I agree with the answer by Benjamin Hoenes. Some additional information. It differs per classifier whether the scores that are shown in his answer are actualy posterior probabilities between 0 and 1 or some other measure. For support vector machines one has to do an extra step to obtain the posterior probabilities and I know it is also the case for a boosted trees ensemble. I did a project on predicting the outcome of a coma on EEG patient data. I used the perfcurve function to obtain the thresholds that are used to create the ROC curve. I needed 100% specificity so I needed to find the right threshold. Due to lack of time I will just copy paste the main code file from the project which should provide allot of insight on this. I used the generate code function in the classification learner app and then deleted all that I did not need. This code performs 10 runs of 10-fold-cross-validation and plots 10 ROC curves in one figure.

clear all;
close all;
%% Load in data and set parameters
% Select true for 12H set, false for 24H set.
dataIs12H = true;
if dataIs12H
    % Load the 12H dataset
    temp = load('12HsetComa.mat');
    dataTable12H = temp.featuresNEW12hrs;
    % Put the data in like the function would have it called.
    trainingData = dataTable12H;
else
    % Load the 24H dataset
    temp = load('24HsetComa.mat');
    dataTable24H = temp.featuresNEW24hrs;
    % Put the data in like the function would have it called.
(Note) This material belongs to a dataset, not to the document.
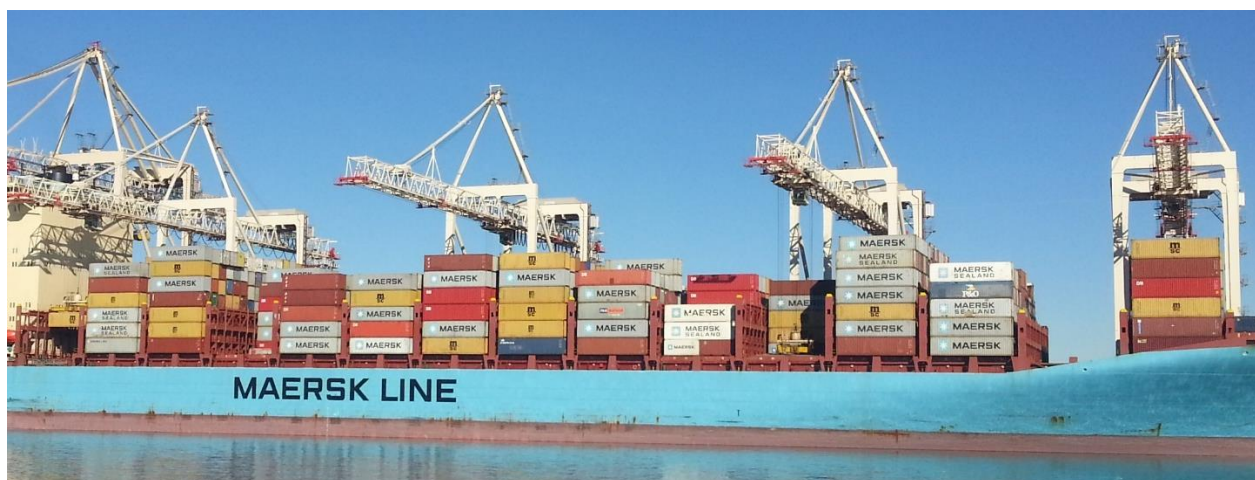
Slika 1: Kontejnerska dvigala KD 55, 56, 57 in 58

PC Kontejnerski terminal, STS dvigala 55, 56, 57 in 58

    trainingData = dataTable24H;
end
% The different feature liststs
featureList_Corr12H = [false false true false true true false false false true true true false false false false false false false false false true true false false false false false false false true true false true false false true true false false true false false true];
featureList_InfoGain12H = [false false false false true true false false true true true true true false false false false false false false false false true false false false true false true true false true false true false false true false false false true false false false];
indexes = [7,6,11,10,42,12,41,9,30,18,23,40,5,27,14];
featureList_InfoGain24H = [false, false, false, false, false, false, false, false, false, false, false, false, false, false, false, false, false, false, false, false, false, false, false, false, false, false, false, false, false, false, false, false, false, false, false, false, false, false, false, false, false, false, false, false];
featureList_InfoGain24H(indexes) = true;
featureList_All = [false, false, false, false, false, false, false, false, false, false, false, false, false, false, false, false, false, false, false, false, false, false, false, false, false, false, false, false, false, false, false, false, false, false, false, false, false, false, false, false, false, false, false, false];
featureList_All(:) = 1;
% Select the one to be used
featureList = featureList_InfoGain12H;
% The number of samples, used to get the confidence intervals
n = 300;
% The number of times the crossvalidation is repeated
runs = 10;
runSVM = false;
runKNNw = false;
neigbourCount = 20;
runBoostedTrees = true;
ROCplotTitle = strcat('BOOSTEDT_TEST_ROC Curves for the cross-validated (k=',num2str(neigbourCount),'KNN with 15 features based on info gain');
ROCplotFilename = strcat('BOOSTEDT_TEST_KNNw_',num2str(neigbourCount),'ROC_15f_infoG_g2_24H');
%% Prepare dataTable to format usable for classification
% Extract predictors and response
% This code processes the data into the right shape for training the
% model.
inputTable = trainingData;
predictorNames = {'Nonlinearenergy', 'Activity', 'Mobility', 'Complexity', 'RMSAmplitude', 'kurtosis', 'skewness', 'meanAM', 'stdAM', 'SkewAM', 'KurtAM', 'BSR', 'delta', 'theta', 'alpha', 'spindle', 'beta', 'total', 'delta_tot', 'theta_tot', 'alpha_tot', 'spindle_tot', 'beta_tot', 'alpha_delta', 'theta_delta', 'spindle_delta', 'beta_delta', 'alpha_theta', 'spindle_theta', 'beta_theta', 'fhtife1', 'fhtife2', 'fhtife3', 'fhtife4', 'sef', 'df', 'svd_ent', 'H_spec', 'SE', 'saen', 'absrenyi', 'absshan', 'perm_entr', 'FD'};
predictors = inputTable(:, predictorNames);
response = inputTable.PatientOutcome;
isCategoricalPredictor = [false, false, false, false, false, false, false, false, false, false, false, false, false, false, false, false, false, false, false, false, false, false, false, false, false, false, false, false, false, false, false, false, false, false, false, false, false, false, false, false, false, false, false, false];
% Data transformation: Select subset of the features
% This code selects the same subset of features as were used in the app.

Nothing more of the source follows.